Ветер, разыгравшись не на шутку, оборвал с ближайшего дерева половину листвы и, словно забавляясь, швырнул ее мне в лицо, отдельные всполохи уже тут и там сверкали на низком небе, а где-то за горизонтом уже погромыхивал гром. Перекрикивая шум ветра, я попросила Петра Анатольевича остаться в экипаже. И не потому, что была суеверной, или же не хотела искушать судьбу — просто его присутствие могло сделать Всеволода Ивановича менее откровенным.
— Лучше я сама вам потом все расскажу, — махнула я ему рукой.
Петр выразил свое согласие кивком головы и с тревогой посмотрел на небо.
Первые тяжелые капли дождя застучали по уличной пыли, и я поспешила к входной двери.
Когда я позвонила в дверь, лавина воды обрушились на землю у меня за спиной и, если бы не красивый металлический навес над крыльцом — через секунду на мне не осталось бы ни одной сухой нитки. Оглянувшись, я не смогла разглядеть ни кареты, ни даже деревьев, под которыми ее оставила, хотя до них от дома было всего несколько десятков метров. Это было похоже на начало всемирного потопа.
— Сказано же, не велено никого пускать, — донесся до меня раздраженный мужской голос.
— Откройте, — перекрикивая шум дождя, крикнула я и забарабанила в двери, что было сил.
Через некоторое время невидимый привратник снизошел к моим молитвам и приоткрыв дверь, высунул свой нос из теплого полумрака прихожей.
— Екатерина Алексеевна, — произнес он изумленно. — А я-то думал, это опять…
Это был один из младших полицейских чинов, честно говоря, я его совершенно не помнила, но он на мое счастье признал во мне вдову своего бывшего начальника и, засуетившись, втащил в дом.
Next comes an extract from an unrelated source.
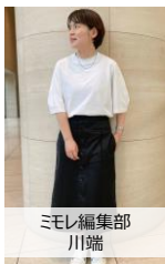
ミモレ編集部 川端

Выглянув за дверь, он только перекрестился и, преодолевая сопротивление разыгравшихся стихий, затворил за мной дверь.

ГЛАВА ТРЕТЬЯ

Поглядев на себя в зеркало, я не сразу поняла, что случилось с моими волосами — они стояли дыбом, как у ведьмы. Когда я попыталась их пригладить и привести в божеский вид, они затрещали от моего прикосновения, непослушные и перенасыщенные электричеством.
— Господи, на кого я похожа, — улыбнулась я своему спасителю, пытаясь вспомнить обстоятельства нашего знакомства.
— Вот уж не ожидал с вами свидеться, Екатерина Алексеевна, да еще в таком месте… Вы меня, должно быть, и не помните?
Пожав плечами, я покачала головой, подтверждая его слова.
— Вы с Александром Христофорычем ко мне в лазарет приходили. Когда меня подранили, вспомнили?
— Ну, конечно же, — искренне обрадовалась я, — то-то я вижу — знакомое лицо.
Теперь я вспомнила этого человека. Несколько лет назад он — совсем еще молоденький и необстрелянный — в одиночку пытался усмирить толпу перепившихся грузчиков в порту и получил бутылкой по голове. Александр отнесся к его поступку с большой симпатией и не отказал мне в просьбе познакомить с юным героем.
Тогда-то мы и навестили его в больнице. Он произвел на меня весьма приятное впечатление, и я несколько раз посылала ему корзинки с провизией.
С тех пор он возмужал и окреп, но по большому счету — совсем не изменился.